New York Amsterdam News' Cyril Josh Barker reports
In an effort to slow the spread of coronavirus in Newark, Mayor Ras Baraka recently announced the installation of “Be Still Mondays” asking for a complete shutdown of the city once a week.
Beginning this Monday, “Be Still Mondays” will happen each week through May 11. While not an executive order, the weekly shutdown is a request that discourages all businesses except for health, safety, and welfare emergency services to close.
“We want to shut down the whole City,” Baraka said during his Thursday night Facebook Live briefing. “We’re sending out letters to all businesses asking them to close. Businesses that provide food and shelter for the homeless population may operate but the City is asking soup kitchens to limit their operations from 11:30 a.m. to 2 p.m.
“If we continue business as usual those numbers will continue to grow,” Baraka said. “So, we are asking everybody: stay home, stay inside, stay alive,” he said. “Be still.” Baraka added that the idea is to show community-wide solidarity in the face of the aggressive coronavirus pandemic that is especially ravaging Black and Brown communities nationwide. Newark officials would like businesses deemed “essential” by prior executive orders, such as food stores and pharmacies, to also close, as well as downtown corporations and manufacturing companies.

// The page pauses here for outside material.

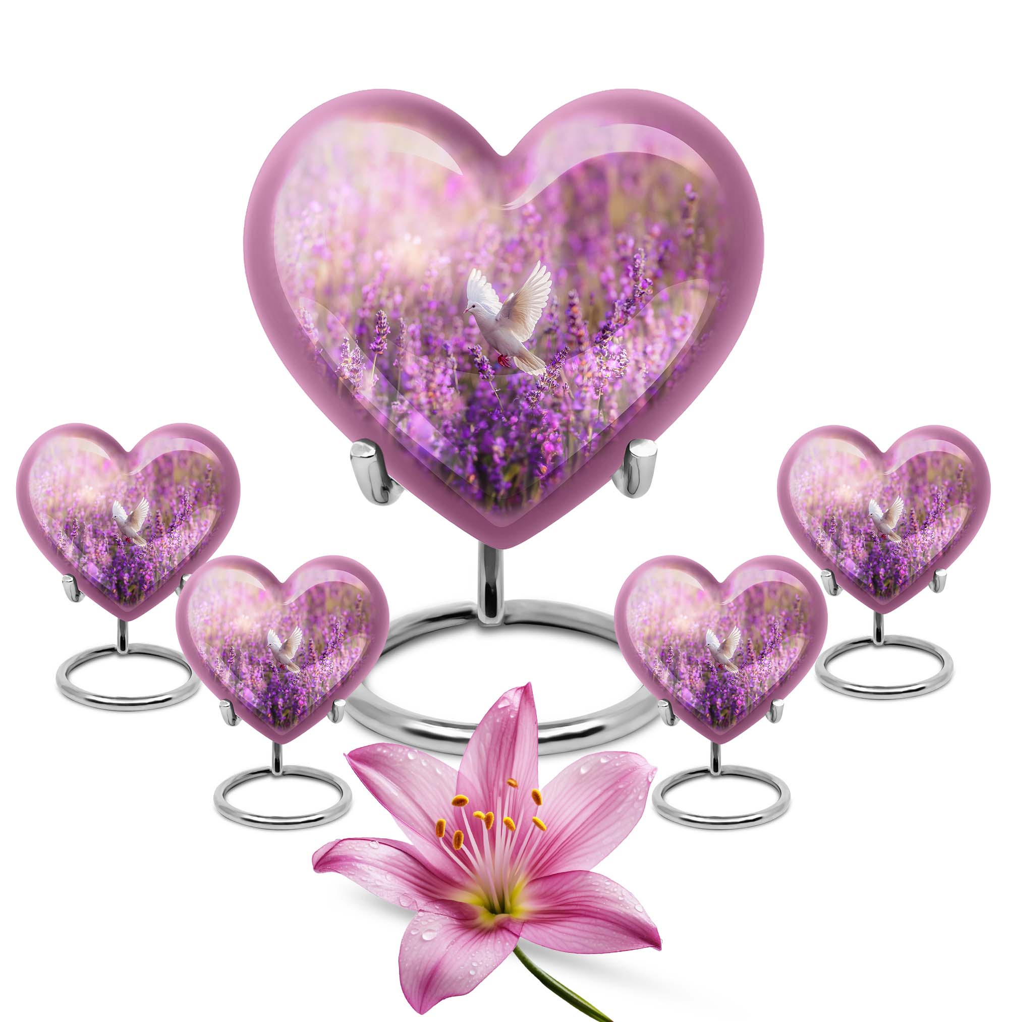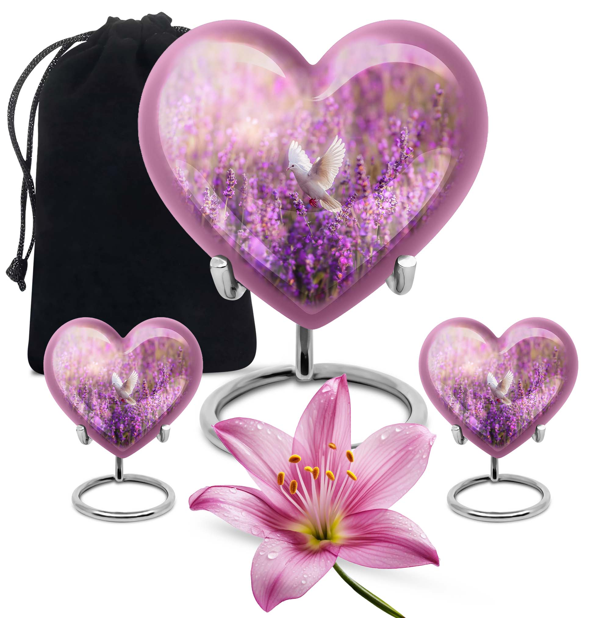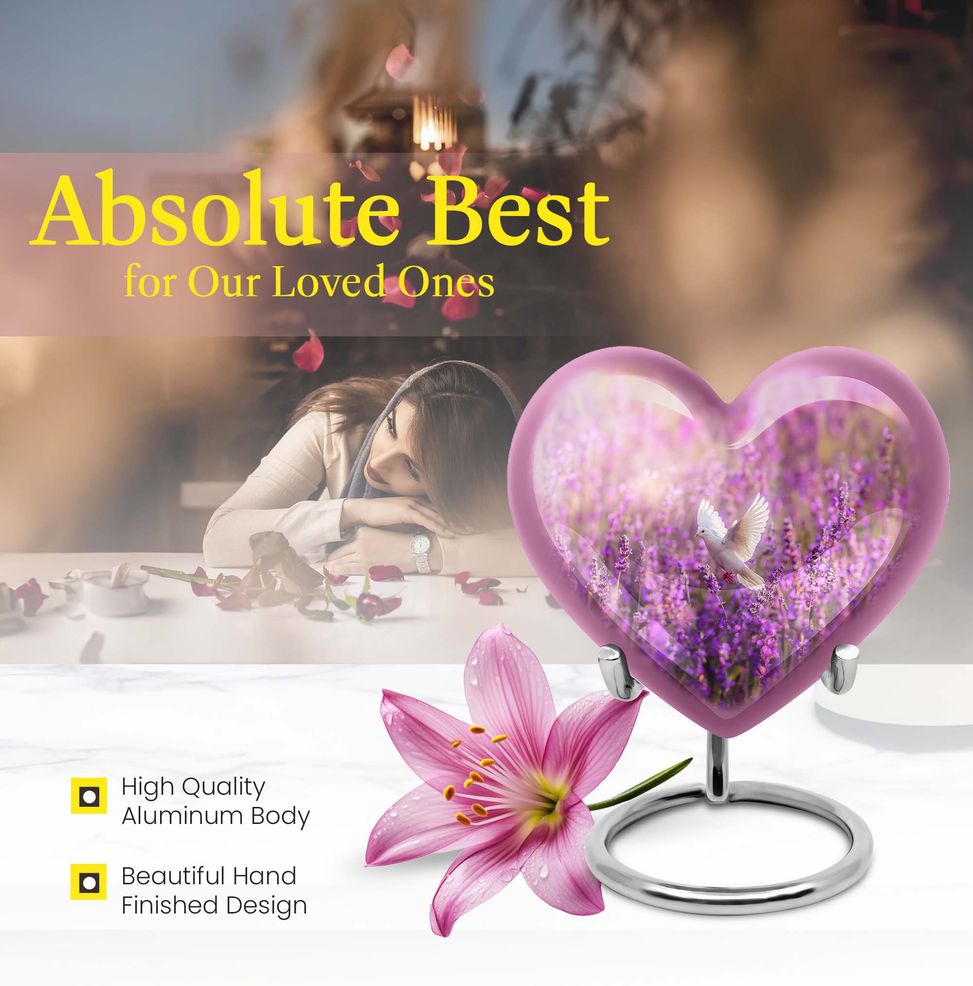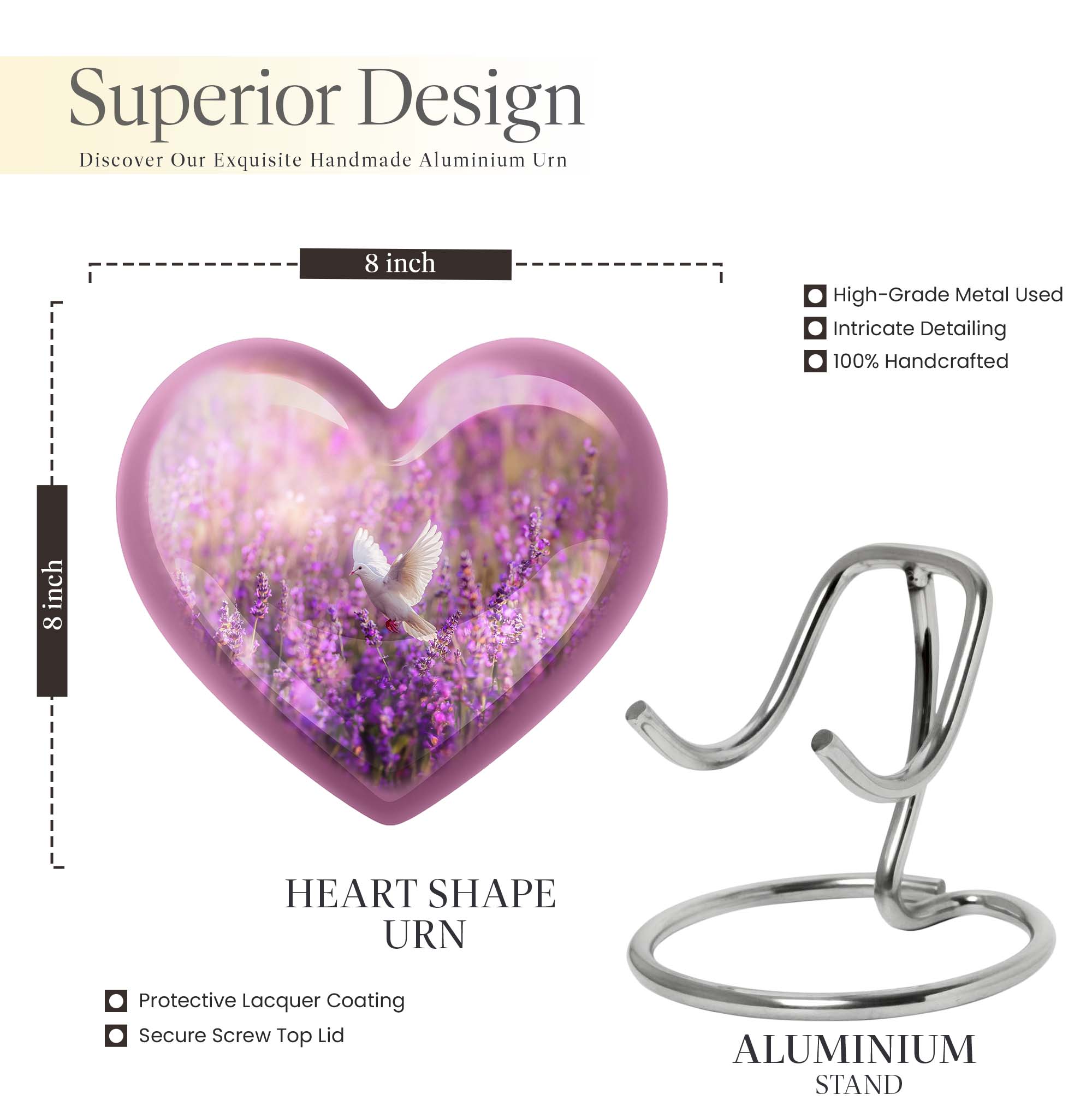 Meticulously crafted, our beautiful heart urn offers a unique resting place for your dear ones' cherished memories. The intricate design of the white dove on the purple theme accentuates its aesthetic appeal while effectively providing a holding capacity of 200 cubic inches. Measuring 10 inches in height and weighing 3.3 pounds, this aluminium urn is substantial and sturdy, ensuring a long-lasting tribute to your loved one. The urn comes with a velvet pouch for safe containment of the precious ashes. Our memorial urns are ideal for personalizing by engraving names, making them the perfect sentiment in memory of those you hold dear. With a 10 Inch size, this urn can easily accommodate the ashes of adult women and men alike. The urns feature a butterfly theme, resonating with the concept of freedom and transformation in the afterlife. These large urns are more than a mere container - they represent love, respect, and an enduring bond. Great detail is given to the material, finish, and design, making it a dignified choice for a final resting place.

Blacks make up 22% of COVID-19 deaths in New Jersey, half of the state’s Black population. Gov. Phil Murphy announced during a recent press conference that 22% of COVID-19 deaths in New Jersey are Black, even though Blacks make up 15% of the state’s population. Black fatalities from COVID-19 are at least 50% over the representation of the Black community in the state.
“The African American number of 22%, that is relative, let’s not forget this folks, relative to about 14% or 15% representation of the general population in New Jersey and that’s something that we’re seeing elsewhere in the country, and that’s something that we’re very focused on,” Murphy said.
Two notable African Americans in the state that have died from COVID-19 include Sam McGhee, the first African American elected to serve as mayor of Hillside in 1988 who died last week. McGhee also served 32 years as dean of admissions at New Jersey City University. He was 79.
The Rev. H. Gene Sykes, who was the pastor of Friendship Baptist Church in Bayonne, also passed away last week from COVID-19 complications. Sykes served as pastor of the church for over 25 years. He also served as vice chairman of the board of commissioners of the Bayonne Housing Authority and was vice president of the Bayonne branch of the NAACP.
Former Jersey City Councilwoman Viola Richardson passed away from COVID-19 complications on Friday. Richardson served the people of Jersey City for 12 years as a member of city council, first as council member of Ward F and then as council member-at-large. Prior to being elected, she was a police officer.
While Murphy has released numbers when it comes to race about the COVID-19 deaths, numbers have not been released about infections by race. The New Jersey Institute for Social Justice (NJISJ) says more racial data needs to be released.
“Because of structural racism, Black people suffer from higher rates of the underlying conditions on which COVID-19 preys,” said NJISJ President and CEO Ryan Haygood, Esq. “The only way to ensure that our communities get the support and resources we need during and after this crisis is by knowing the facts on the ground that this data will reveal.”